BEGIN

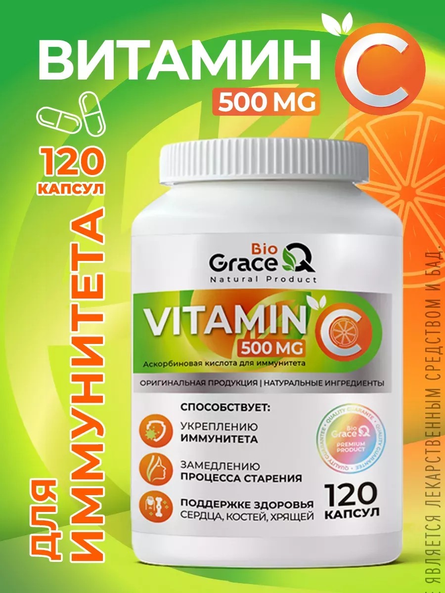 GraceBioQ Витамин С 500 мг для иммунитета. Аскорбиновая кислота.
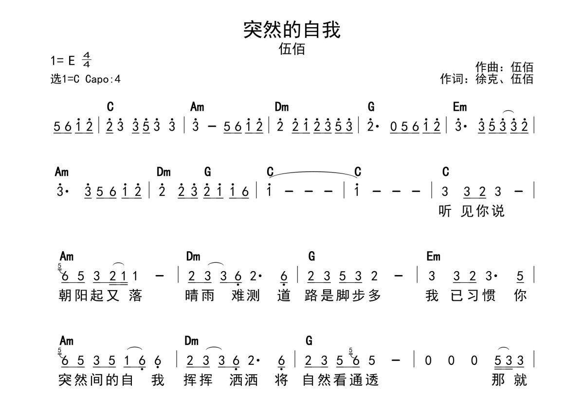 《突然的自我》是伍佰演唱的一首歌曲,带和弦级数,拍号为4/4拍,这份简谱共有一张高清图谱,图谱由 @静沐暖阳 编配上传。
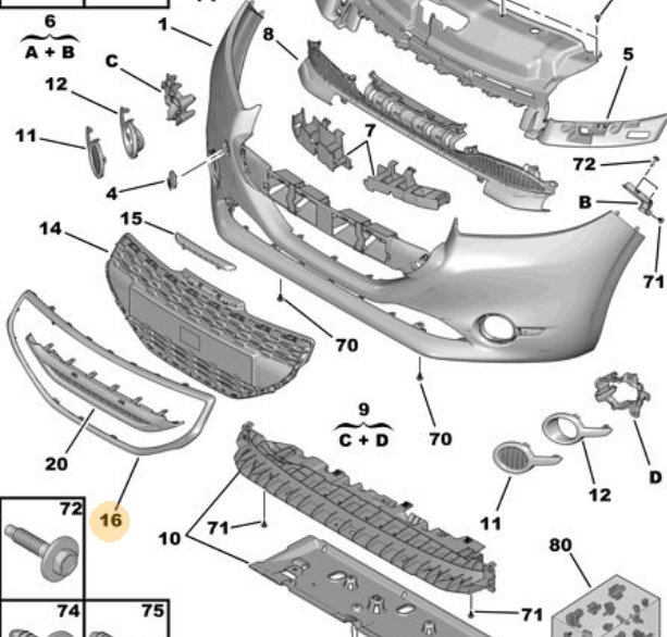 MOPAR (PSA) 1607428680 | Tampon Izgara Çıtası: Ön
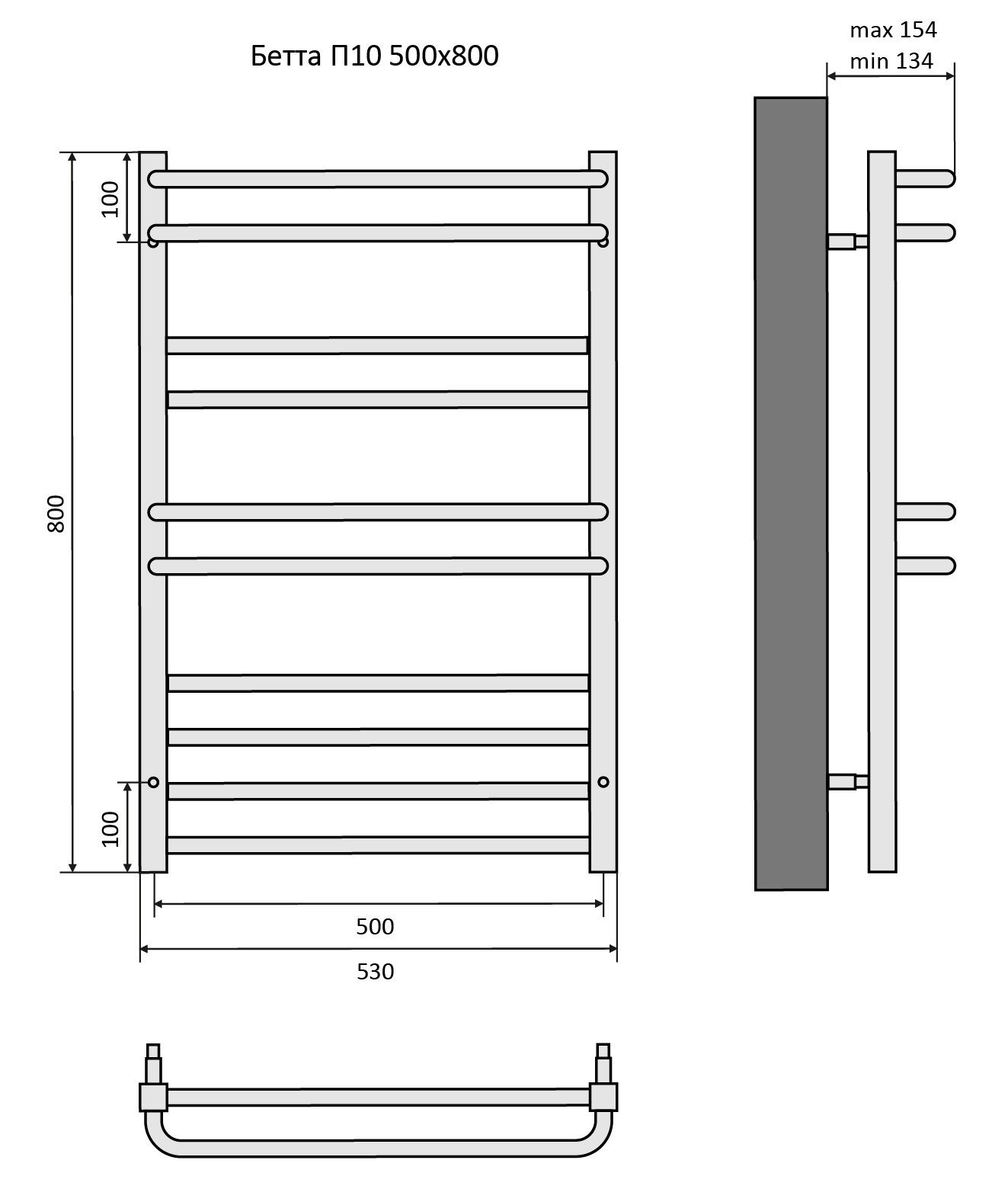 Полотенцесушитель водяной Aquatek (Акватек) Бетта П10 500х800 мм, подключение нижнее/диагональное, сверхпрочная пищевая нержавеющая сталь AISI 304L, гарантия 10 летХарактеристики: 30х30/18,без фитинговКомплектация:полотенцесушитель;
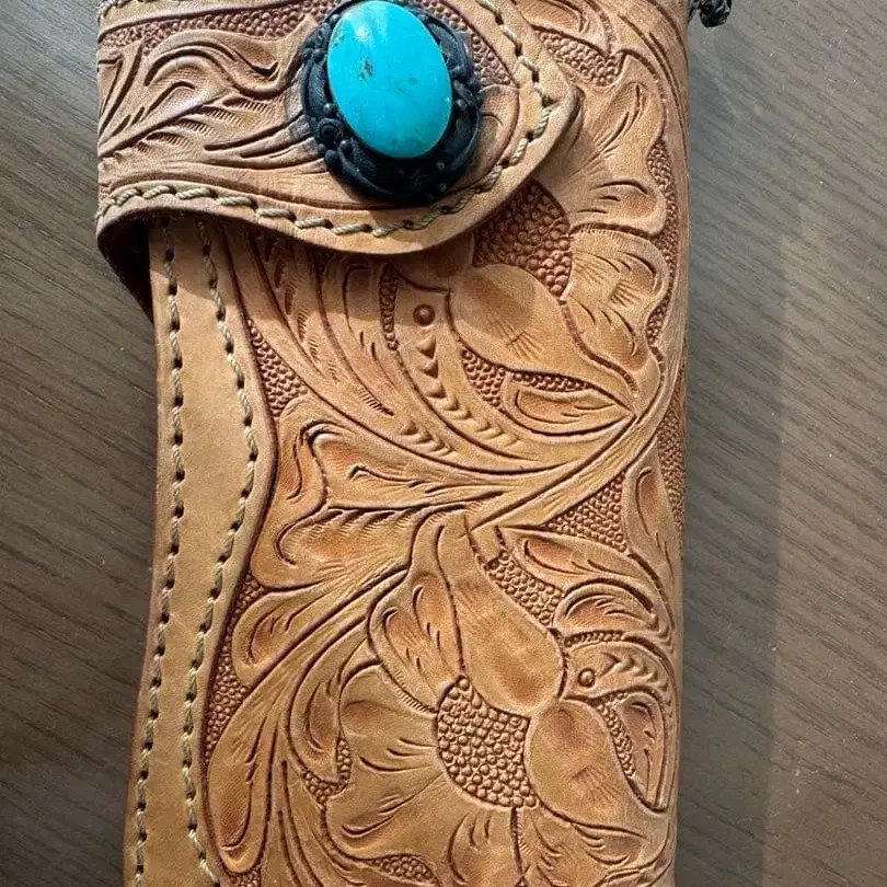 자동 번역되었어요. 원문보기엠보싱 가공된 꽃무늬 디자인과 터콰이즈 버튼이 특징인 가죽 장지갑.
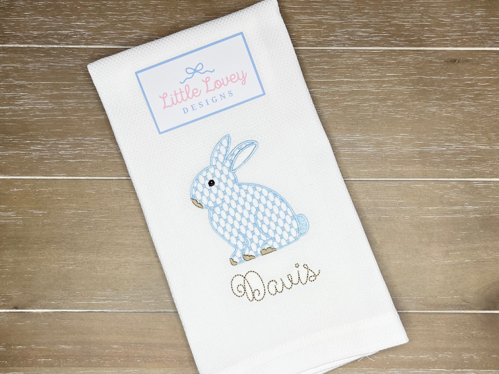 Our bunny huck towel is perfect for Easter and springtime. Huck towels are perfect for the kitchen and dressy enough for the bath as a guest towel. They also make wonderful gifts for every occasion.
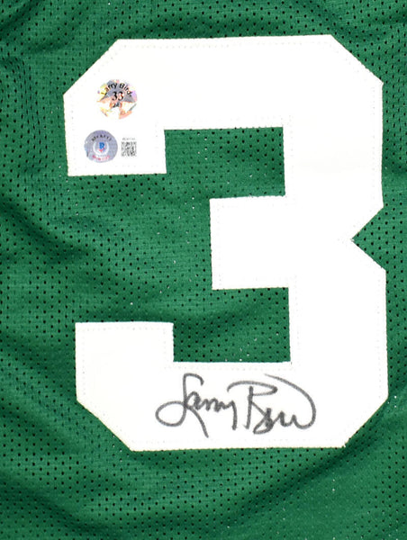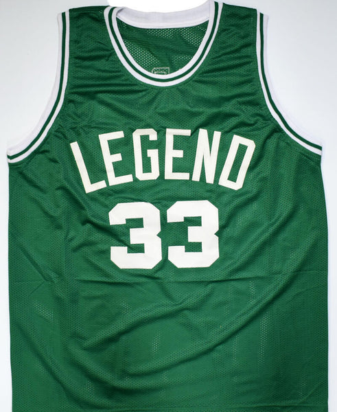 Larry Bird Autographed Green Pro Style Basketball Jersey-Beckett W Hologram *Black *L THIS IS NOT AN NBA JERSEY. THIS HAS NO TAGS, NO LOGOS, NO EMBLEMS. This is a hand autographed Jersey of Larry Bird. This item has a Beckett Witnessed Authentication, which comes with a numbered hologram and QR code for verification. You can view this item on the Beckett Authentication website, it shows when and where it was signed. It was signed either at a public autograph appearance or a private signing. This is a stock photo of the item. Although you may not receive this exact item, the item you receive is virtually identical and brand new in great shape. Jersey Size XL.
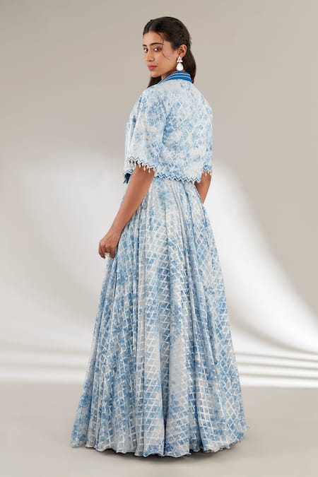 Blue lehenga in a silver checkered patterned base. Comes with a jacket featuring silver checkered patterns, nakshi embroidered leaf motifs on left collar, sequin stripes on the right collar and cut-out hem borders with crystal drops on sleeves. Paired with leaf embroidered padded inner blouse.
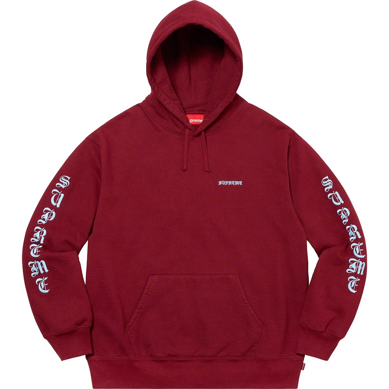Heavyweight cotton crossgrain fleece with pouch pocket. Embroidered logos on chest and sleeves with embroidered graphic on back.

END

WHAT YOU HAVE TO DO: Leave out each picture and extract the lines from the one containing "MOPAR (PSA) 1607428680" through the end of the records above, inclusive, exactly as they stand.

PROBLEM SOLUTION:
 MOPAR (PSA) 1607428680 | Tampon Izgara Çıtası: Ön
 Полотенцесушитель водяной Aquatek (Акватек) Бетта П10 500х800 мм, подключение нижнее/диагональное, сверхпрочная пищевая нержавеющая сталь AISI 304L, гарантия 10 летХарактеристики: 30х30/18,без фитинговКомплектация:полотенцесушитель;
 자동 번역되었어요. 원문보기엠보싱 가공된 꽃무늬 디자인과 터콰이즈 버튼이 특징인 가죽 장지갑.
 Our bunny huck towel is perfect for Easter and springtime. Huck towels are perfect for the kitchen and dressy enough for the bath as a guest towel. They also make wonderful gifts for every occasion.
 Larry Bird Autographed Green Pro Style Basketball Jersey-Beckett W Hologram *Black *L THIS IS NOT AN NBA JERSEY. THIS HAS NO TAGS, NO LOGOS, NO EMBLEMS. This is a hand autographed Jersey of Larry Bird. This item has a Beckett Witnessed Authentication, which comes with a numbered hologram and QR code for verification. You can view this item on the Beckett Authentication website, it shows when and where it was signed. It was signed either at a public autograph appearance or a private signing. This is a stock photo of the item. Although you may not receive this exact item, the item you receive is virtually identical and brand new in great shape. Jersey Size XL.
 Blue lehenga in a silver checkered patterned base. Comes with a jacket featuring silver checkered patterns, nakshi embroidered leaf motifs on left collar, sequin stripes on the right collar and cut-out hem borders with crystal drops on sleeves. Paired with leaf embroidered padded inner blouse.
Heavyweight cotton crossgrain fleece with pouch pocket. Embroidered logos on chest and sleeves with embroidered graphic on back.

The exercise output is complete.